GPS sophomore Julia Caroline "J.C." Wiedmer found out that she had been selected as the winner of the top prize in the 5th Annual Paideia Institute High School Essay Contest, a full scholarship to the Paideia Institute’s 14-day Living Greek in Greece High School Program.
The contest prompted students from across the country to imagine themselves as a figure from the Classical past and to provide a first-person account of how things went from their perspective, not just the official version as contained in the sources or literature.
In Latin III this semester, GPS students have been reading adapted Latin texts to help them master their grammar and vocabulary. Sample texts included accounts of battles during the Crusaders and Columbus’ voyages in the Era of Discoveries along with the usual tales of Romans and mythological stories such as those of Perseus and Hercules. J.C. wrote her essay, “Hercules Doesn’t Give Second Chances,” as a part of an enrichment opportunity for class and submitted it to the contest at the start of March. She will be working with the editor of the institute’s journal, In Medias Res, before it is published online later this year.

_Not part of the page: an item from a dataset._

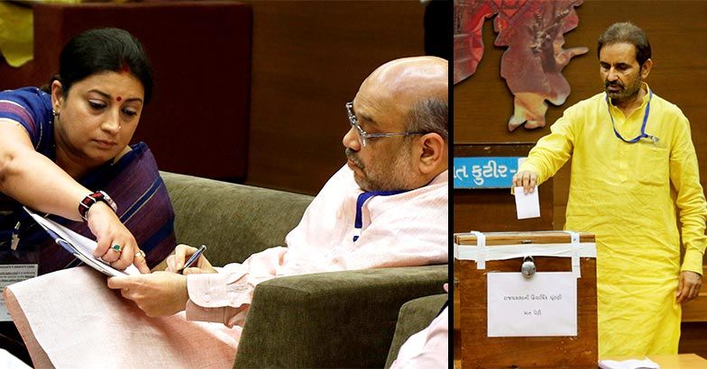 രണ്ട് കോൺഗ്രസ് വിമത എംഎൽമാർ വോട്ടു ചെയ്തശേഷം അമിത് ഷായെ ബാലറ്റ് പേപ്പർ കാണിച്ചെന്നാണു കോൺഗ്രസിന്റെ ആരോപണം. 182 അംഗ നിയമസഭയിൽ നിലവിലുള്ള 176 എംഎൽഎമാരും വോട്ടു രേഖപ്പെടുത്തിയതായി സംസ്ഥാന തിരഞ്ഞെടുപ്പു കമ്മിഷൻ അറിയിച്ചു. രാവിലെ 10 മണിക്ക് ആരംഭിച്ച വോട്ടെടുപ്പ് ഉച്ചകഴിഞ്ഞു രണ്ടരയോടെ അവസാനിച്ചു. അമിത് ഷായും സ്മൃതിയും വിജയമുറപ്പിച്ച തിരഞ്ഞെടുപ്പിൽ അഹമ്മദ് പട്ടേലിന്റെ ഫലത്തിലാണ് ആകാംക്ഷ നിലനിൽക്കുന്നത്. അഹമ്മദ് പട്ടേലിന് ജയിക്കാൻ 45 വോട്ടാണ് വേണ്ടത്.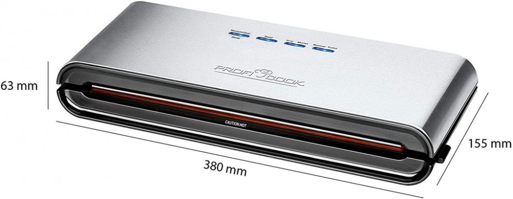 Automatická a vysoce výkonná svářečka folií vyrobená z nerezové oceli je ideální pro porcování jídla bez přidávání konzervačních látek. Potraviny díky vytvoření vakua vydrží čerstvé až 5x déle. Zároveň folie chrání potraviny před poškozením mrazem. Svářečku lze také použít pro marinované a kořeněné potraviny. Tato svářečka folií se skvěle hodí také pro Sous Vide vaření, kdy se potraviny vaří ve vlastní šťávě bez vysychání a neztrácejí potřebné živiny během přípravy. Sací výkon svářečky je 12 l/min. Vytvoří přibližně 90% vakuum -0,8 bar. Folie může být široká maximálně 30 cm a dlouhá dle potřeby. Součástí balení jsou profesionální plastové sáčky, kdy 10 kusů je o rozměrech 22x30 cm a 8 kusů 28x40 cm. Pro kontrolu provozu slouží 6 kontrolek. Ve spodní části je prostor pro umístění napájecího kabelu, což se hodí pro jednodušší skladování nebo transport. Napájení je 220-240 V, 50 Hz a výkon 120 W.

“Over the past two years in Latin, J.C. has been one of my most reliable students, always very keen to learn more about the Romans," said Dr Ralph Covino, J.C.’s advisor as well as Upper School Latin teacher. "For the activity, I naturally thought she would pick a Roman topic. It shocked me when she chose to write about Hercules and make reference in her essay to Pseudo-Apollodorus’ ??ß???????. I actually e-mailed J.C. to warn her, jokingly, that because of the choices she had made with her topic and the sources she consulted, she’d have to learn some ancient Greek as well as Latin if she won! Little did I know it could come true! It will be such a great opportunity for her.”
J.C. and her parents have been in contact with the Paideia Institute about what to do if the summer school does not run this summer because of on-going travel restrictions. The Institute will decide by May 1 whether or not the program will run; if it does not, she will be able to use her scholarship to attend next summer’s course.